It was another bad day for Asian markets as bad data caused markets to sell off on Monday–some severe.

The China HSBC/Markit Purchasing Managers’ Index came in at 49.2 indicating that Chinese manufacturing demand is slowing. Any reading below is 50 is considered contraction.

The official Chinese May PMI number 50.8 but that includes large and state-owned company which some see as skewing the results.

According to CNBC, this reinforces the view that the Chinese economy is slowing. The IMF lowered its growth forecast to 7.75 percent while the Chinese government set a target of 7.5 percent.

This news was enough to drive Asian markets lower on Monday. The Nikkei lost another 3.7 percent after opening two percent lower. Chinese data weighed on the index but continued fears that the U.S. will scale back its bond buying program as well as technical selling continued to force the index lower.

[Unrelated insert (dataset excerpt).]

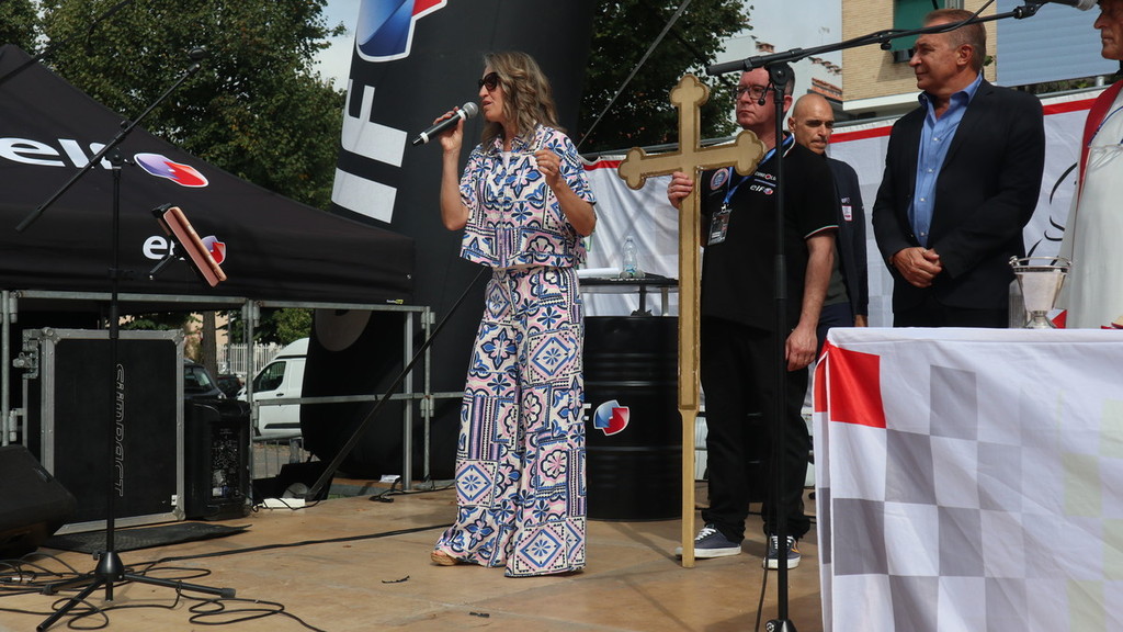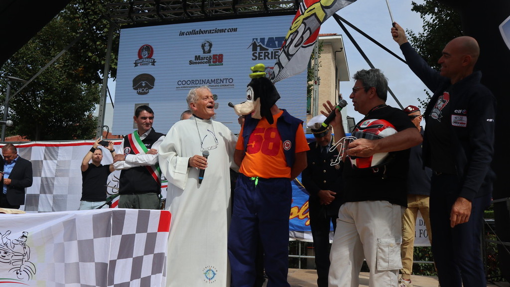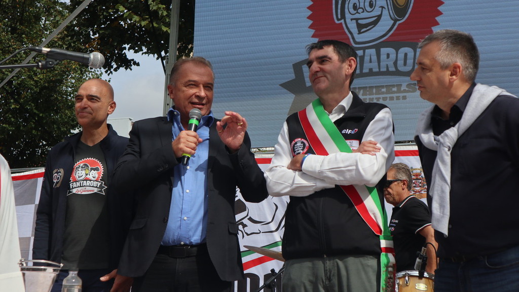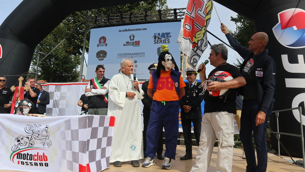 Per l’occasione, a precedere il primo apprezzato lancio dei paracadutisti, la voce della cantante e artista della Fondazione Fossano Musica Raffaella Buzzi, che ha intonato i brani “L’anima vola” di Elisa, “La vita è bella” (testo tradotto in italiano tratto dal celebre e omonimo film di Roberto Benigni) e “Imagine” di Paul McCartney. Inoltre i commenti di tutto lo staff del Moto Club Fossano, accompagnato dalle autorità. In primis il sindaco fossanese Dario Tallone, poi l’assessore regionale allo Sport Paolo Bongioanni, l’omologo fossanese Danilo Toti, la vice sindaca Donatella Rattalino, la presidente del Consiglio Comunale Simona Giaccardi, nonché i membri dello storico sodalizio che lega il Moto Club alla Fondazione Marco Simoncelli, del compianto motoclistica di MotoGP Marco ‘Sic’ Simoncelli.

Other fears emerged. As the Japanese market continues on its downward trajectory, investors are beginning to worry that Japanese Prime Minister Shinzo Abe’s QE program may not be sustainable over the longer term.

QE isn’t new for Japan. The country tried it on a smaller scale in 2006 and although it was beneficial in the short-term, when the program ended, the economy, once again, fell into deflation.

U.S. markets look to start the day higher but after Friday’s slide, investors won’t look at U.S. futures data and make bullish bets. They will closely watch the decline in Asian markets on Friday.